If confirmed, Deb Haaland will be the first Native American to be secretary of the Interior Department, which came as welcome news to some Indigenous people in Vermont who hope this marks a new direction for the federal agency.
Others remain skeptical that the decision will lead to the fundamental change they say is needed to right colonial wrongs of dispossessing Indigenous people of their land and depleting its resources.
The secretary of the interior oversees use of public lands as well as the Bureau of Indian Affairs, responsible for providing services to the 574 federally recognized tribes across the United States. Vermont’s tribes don’t receive these services because they are recognized by state government, not federal. But Native leadership at the federal level can still affect Vermont, leaders in the Abenaki community say.
Haaland, 60, a Democrat, was elected to Congress in 2019 from New Mexico. She is a member of the Laguna Pueblo, and former chair of the Democratic Party of New Mexico.
“I think it was a very wise choice and also a very empowering choice to have representatives from the Native community,” said Carol McGranaghan, now in her third term as chair of Vermont’s Commission for Native American Affairs.
McGranaghan said representation at the federal level can have ripple effects extending to the work she’s doing now with legislators in Vermont. “Maybe a few more people in the Legislature will be a little more receptive to first of all recognizing that there are Native Americans in Vermont,” she said.
That work includes fighting for protection of sacred sites, which McGranaghan hopes to accomplish through a religious freedom bill that would also allow ceremonial use of tobacco, regardless of age. Efforts that were underway in the last session were delayed by the pandemic.
McGranaghan connects the work she and others are doing at a state level to protect sacred sites with what she hopes Haaland will achieve on public lands across the nation.
“I’m hopeful with this person that the respect for Mother Earth will come back, it will be considered, it will be part of the decision-making,” McGranaghan said.
That could involve strengthening environmental protections and reversing some decisions made in the Trump administration that allow mining and drilling in sensitive areas.
While Vermont is the ancestral homeland of Abenaki people, McGranaghan says she often has to work against “the historical perception that there never were Natives here.” The Haaland appointment brings increased visibility for Native people in the country, and works against that perception.
Rich Holschuh, a spokesperson for the Elnu Abenaki tribe, calls Haaland’s selection a wakeup call for Vermonters. “We really have very little awareness of anything to do with Indigenous people,” said Holschuh, who said he is cautiously celebrating “the momentous occasion of Haaland’s nomination.”
But Holschuh worries that Haaland may give the green light to renewable energy projects that would allow use of public lands for solar arrays, wind turbines and hydroelectric dams.
While green energy is a good thing, Holschuh says, “they’re not addressing the original problem that Indigenous people have been separated from this land.” And he expects that Vermont will be no exception to using public land as a resource and commodity instead of caring for it.
He also worries that the disparity could grow between federally recognized tribes and non-federally recognized tribes, such as those in Vermont.
“Federal tribes are probably going to be in a much better position,” he said, but “other groups that are not recognized are probably going to benefit very little, and that is the situation we’re in here.”
State-recognized Vermont tribes “are going to continue to not really have a seat at the table,” Holschuh said.
Chief Don Stevens of the Nulhegan Band hopes Haaland’s efforts can benefit tribes regardless of status. “I also hope that she extends that help to state tribes because the ‘status’ (federal or state) is a colonized European imposed obstacle we have to live with under the current rules,” he wrote in an email to VTDigger.
But for others, the appointment is a hopeful one, as Indigenous women increasingly taking on leadership roles.
“I think that it will help us in moving forward with some of the projects that we’ve discussed with a renewed vigor so to speak and hopefulness that it can make a difference,” said Beverly Little Thunder, a Lakota woman who is originally from Standing Rock, South Dakota.
Little Thunder moved to Vermont 16 years ago, leaving Standing Rock after her two-spirit identity was not accepted.
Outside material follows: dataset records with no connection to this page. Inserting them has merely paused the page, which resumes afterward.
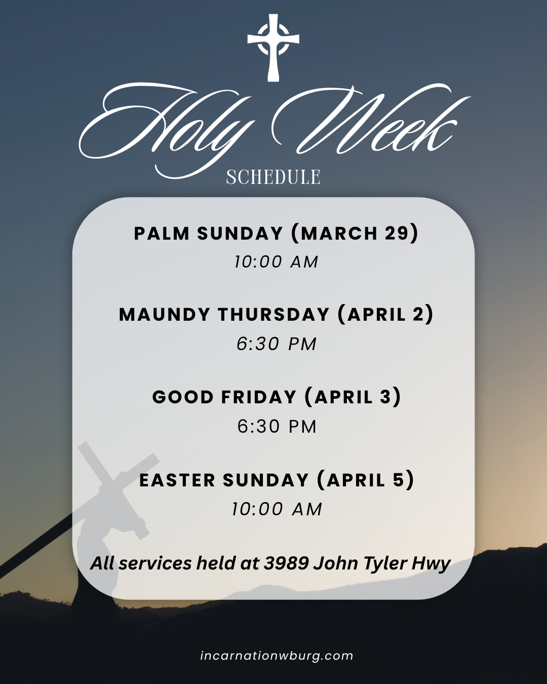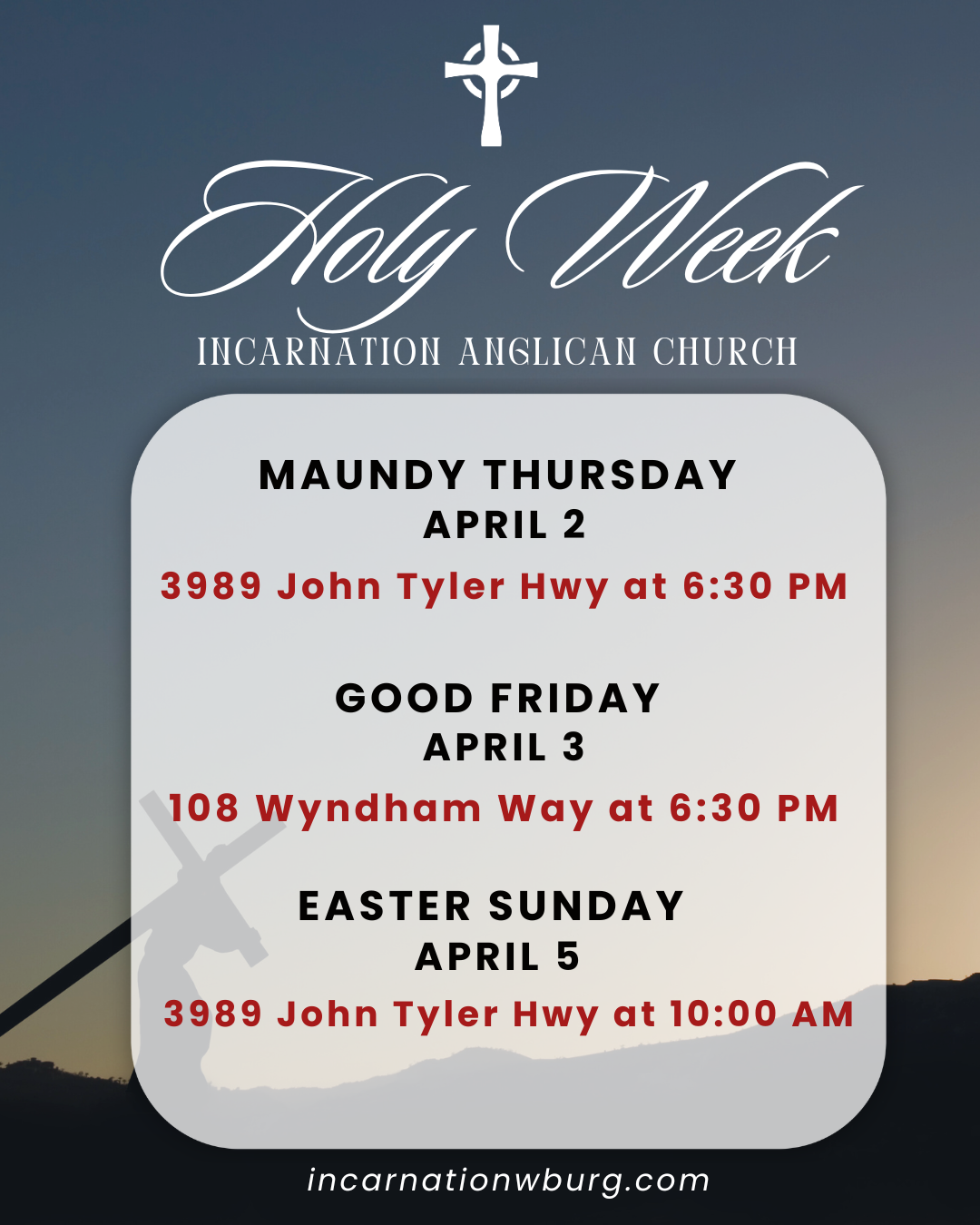 An Anglican community sharing the love of Christ Join us for worship! Sundays @ 10am3989 John Tyler Hwy Williamsburg, VA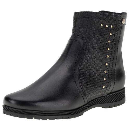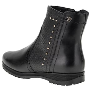 A Bota Feminina Cano Baixo Bottero é confeccionada em Couro com acabamento em costura, fechamento por zíper lateral, forro em têxtil, palmilha em PU e solado em borracha antiderrapante. O cano mede aproximadamente catorze centímetros de altura por trinta e dois de circunferência.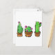 Tres bonitos cactus con flores rosas en pequeñas macetas de terracota - un divertido diseño suroeste. Añadir texto o modificar texto interesante.

For Little Thunder, two-spirit means being a lesbian; in many tribes, two-spirit is used to describe people who don’t conform to conventional gender roles.
While two-spirit people were often traditionally revered in native communities, it became increasingly stigmatized as tribes were forced to assimilate to western cultural norms — including gender roles.
Little Thunder is now on the Commission for Native American Affairs. Over the years, she’s seen more Indigenous women get involved in statewide efforts. Little Thunder said she was ecstatic to learn of Haaland’s appointment.
“It is time for women to step up in tribal matters. It’s time for the women to start taking leadership roles,” said Little Thunder. “That we have someone now that’s in charge of the interior who is an Indigenous woman, there’s bound to be change, and positive change.”